The location of the parcel — running along nearly a mile of the Peavine, and adjacent to State Trust Land in the Glassford Hill area — also will allow for expanded trail connectivity, Hosking said.

“It’s part of a bigger picture,” he said. With a trail to the summit of Glassford Hill in the works, for instance, the new parcel will allow for a connection with the Peavine.

Meanwhile, Hosking said, “We ask people to be patient. There’s a lot of work to be done in there.”

He told the Parks and Recreation Board that the entire six-mile network of trails could be complete within about a year.

Continued preservation efforts

Efforts to preserve the Granite Dells have been underway for years, and the city has bought a number of open space parcels over the years, including Willow and Watson lakes.

Joe Trudeau, Southwest advocate for the Center for Biological Diversity, commended the city for adding the crucial 160-acre parcel.

“It’s an incredibly valuable piece of open space to add to the city’s portfolio,” Trudeau said. “It is completely undeveloped and wild.”

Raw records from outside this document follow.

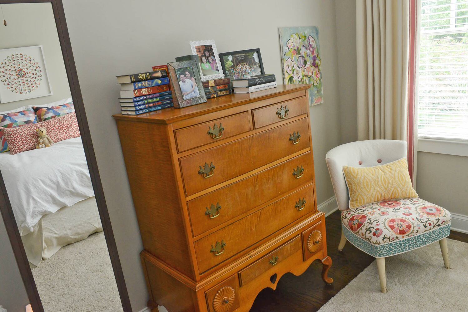 Favorite interior design elements: Custom furniture, like the office console by Trinity Mercantile & Design, reupholstered dining room chairs and a chair in Avery's room, and vintage pieces, such as a Queen Anne chair and bureau from Kate's grandmother, and Kate's childhood furniture.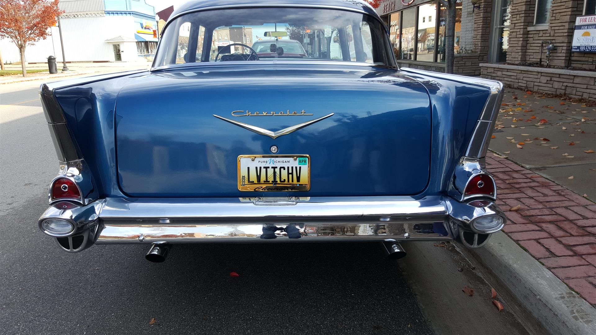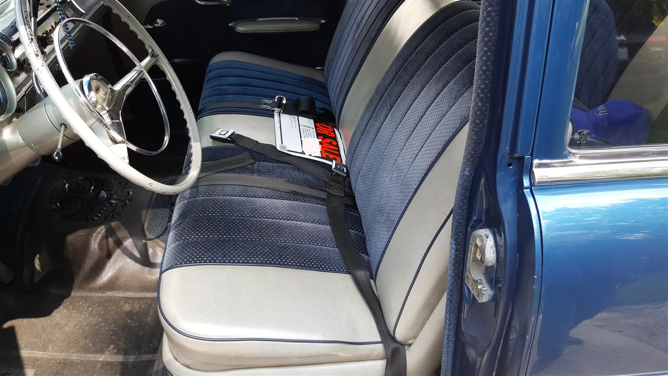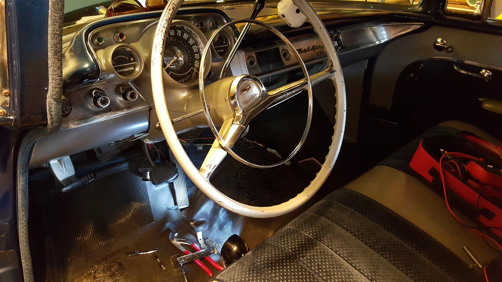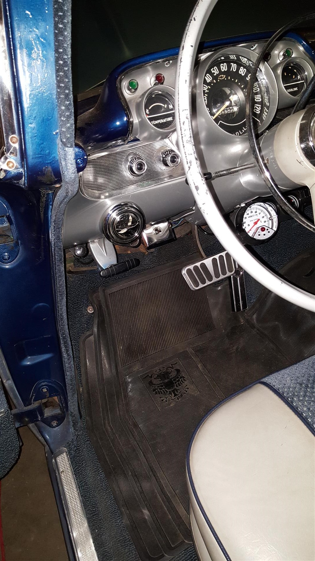 These are photos of our 1957 Chevy. The first sixteen photos document the 2005 replacement of a 283 engine and drive train with a 350 engine, drive train, and suspension changes. The photos 17 to 26 show the car's appearance when we purchased the car in Fall of 2015. Photos 27 to 33 show cosmetic changes. Photos 34 to 42 show the changes resulting from adding A/C to the Chevy. Photos 43 to 51 show more cosmetic changes. Photos 52 to 53 show winter storage area. Photos 54 to 107 show body work, painting, and some other cosmetic changes. Photos 108 to 117 show more cosmetic changes. After a brief drive in June of 2016, it became apparent that additional cooling was required, also during this run a severe clatter started in the engine. Photos 118 - 119 show the new BeCool radiator being installed. The clatter was discoverd to be a broken valve spring. Photos 120 to 123 show this problem. After replacing all the valve, inner and outer, springs, we hope that the problem is cured for a long time. Photos 124 to 131 show the solution to the 57 Chevy heating problem when going under 15 mph. Photos 132 to 134 show a problem with A/C condenser coming loose from the radiator and its repair. Photos 135 to 137 show the sound system power supply used at car shows. Photo 138 shows a new overflow tank and battery tray. Photos 139 to 141 show the appearance of the 57 Chevy in 1987. Photos 142 to 145 show the new headlights and the buckets they sit in when on the 57 Chevy. Photos 146 to 152 show new bucket seats and beginning of Center Console. Lost glove box space when AC added. Center Console will return glove box space and provide BackUp Camera, cup holders, and switches for cooling fans on radiator, BackUp Lights(column switch broken no correct replacement available), USB ports, 12 v power point, and any other switches needed. Photos 153 to 160 show the progress of the center console to it's completion. Photos 161 to 164 show the center console in our 57 Chevy. Photos 165 to 168 show the couch made from the front bench seat from the 57 Chevy. Photos 169 to 172 show the finished center console.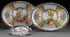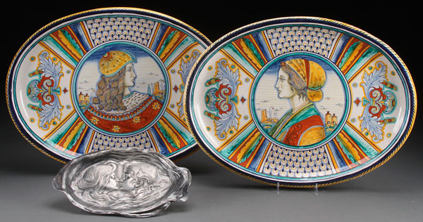 A PAIR OF ITALIAN MAJOLICA DERUTA OVAL POTTERY TRAYS, 20TH CENTURY. In the Italian renaissance style, with portraits of a man and woman. The verso inscribed Deruta, Dipinto, A.Mano. Length 19.5 inches (39.5 cm). Together with a Austrian art nouveau pewter tray with an embossed scene of sapphic lovers, length 11 inches (28 cm).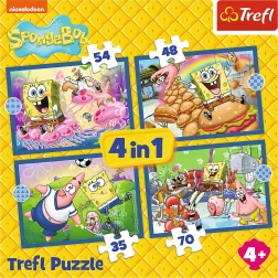 TREFL prináša zábavu pre celú rodinu so štyrmi puzzle SpongeBobov život v jednom balení. Každé puzzle v sete má iný počet dielikov - 35, 48, 54 a 70, čo poskytuje jedinečnú príležitosť pre rôzne úrovne zručností.

Still, Trudeau said, “In my opinion, the job is far from over.”

A political action committee, Save the Dells (www.savethedells.org), has formed, he said, to get the word out about the remaining Dells parcels that should be preserved as well.

He cited parcels such as remaining Storm Ranch North acreage, as well as Dells-area land owned by the Arizona Eco Development company, which earlier announced plans to build homes on two parcels, one of which includes the iconic Point of Rocks site.

“There is nowhere in the world quite like the Dells,” Trudeau said. The intent of the Save the Dells group is “to show the city and developers that it is in the best interest of the community to protect the Dells,” he said.

Mengarelli said he sees the importance of such an effort.

“With Arizona Eco Development potentially coming into the city this year, I want to do everything we can to preserve as much of the Dells as possible and continue to develop trails,” Mengarelli said.

He referred to the Dells as an “important destination for residents as well as visitors.”